Scathing reviews of new novels by Martin Amis and Frances (wife of George) Osborne in the Sundays. The latter review written in the Observer by Julie Burchill, who had clearly dipped her pen in vitriol before well and truly stabbing Ms Osborne's literary offering in the back.

Burchill lacks the finesse of the American humourist Dorothy Parker, who wrote reviews for the New Yorker under the pseudonym 'Constant Reader' and could slay in a sentence (her review of Winnie the Pooh is well worth seeking out, if you can find it. She also wrote the killer : This is not a novel to be tossed aside lightly. It should be thrown with great force. Ouch!) Burchill is clearly driven by huge political antipathy to the writer's husband, but hey, it was interesting reading and a bit of schadenfreude every now and then is as good as a feast.

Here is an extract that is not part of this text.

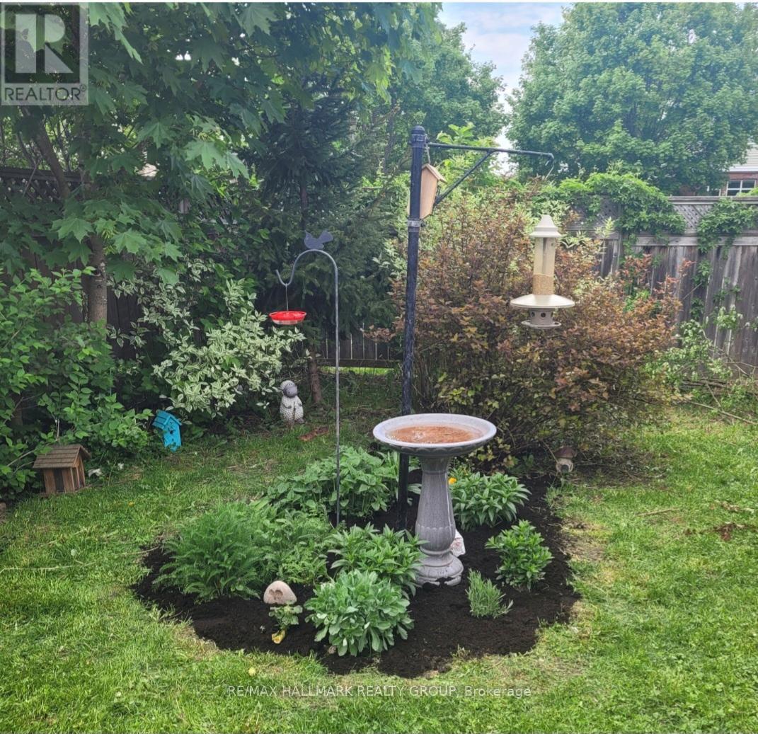 Location! Location! This Richcraft 2 storey, 3 bedroom, 2.5 bathroom townhome is tucked away on desirable Gatespark Private in Kanata Lakes. This home features oak hardwood floors in the living room and dining room. Large picture window overlooks the back yard providing garden views. Eat in kitchen with patio door to the back yard. Kitchen offers ample cupboard and counter space with attractive wood cabinetry. Stainless steel kitchen appliances compete the look. Ceramic Floors in entrance, kitchen and all bathrooms. 3 spacious bedrooms. Walk in closet in the primary bedroom. The recreation room offers lots of space to entertain and is complete with a corner gas fireplace. Easy care modern vinyl plank floor! Laundry room provides additional storage. Additional storage room provides rough in for 4th bathroom and central vac. The fenced backyard offers a quiet oasis away from it all with a deck and planter boxes. Just a gardeners delight! This quiet peaceful location offers proximity to Jim Malone Park. Nothing to do but move in. Kanata Lakes has become one of the most popular, premium communities in all of Ottawa. Top-rated schools, and excellent shopping and dining, while community is surrounded by nature. Parks, and trails are steps away. . Make it your new home today on a private street. Recent updates include: Furnace(2019), Hot Water Tank( 2022), Basement plank vinyl floor and basement stair carpet (2022), Air conditioner (2024), Humidifier (2024), Roof(2025). Painting(2025) Newer Stainless Appliances.24 hours irrevocable on all offers. (id:31145)

I am currently negotiating with OUP for the publication rights of Jigsaw to be returned to me, as they have taken the book out of print, show no interest in doing anything with it, and I would like to re-issue it as an ebook. Surprise and bafflement on their part. Why would anybody want to do this? Er ... it's called making a living. Something we writers struggle to do.

In anticipation of the rights reverting to me at some point, I have been going through Jigsaw, tweaking the writing in preparation for a re-format (can't use their typeface; can't use their cover; can't use their layout; can't use their blurb; must mention them on the reverse of the title page,) and I am finding examples of lax editing! Which is interesting, as one of the big caveats levelled at ebook and Indie authors by many mainstream publishers is that they probably can't edit professionally. Well, here's news for you, people. Neither can some mainstream publishers. It's reassuring, but in a slightly worrying kind of way.

Apropos, is anybody else enthralled by the Leveson enquiry? Not the revealed shenanigans of media moguls and their over-ego'd bit-part employees, amazing though they are, but the wonderful way Leveson himself uses words: Bailiwick, recondite, nugatory, condign ... just some of his recent offerings. Holy vocabulary - there's a man who could do an awful lot of damage if he ever turned his hand to reviewing!


1 comment:

  1. I loved Jigsaw so hope you succeed in retrieving the rights! Don't follow Leveson or anything much at the moment, but he sounds wonderfully Dickensian.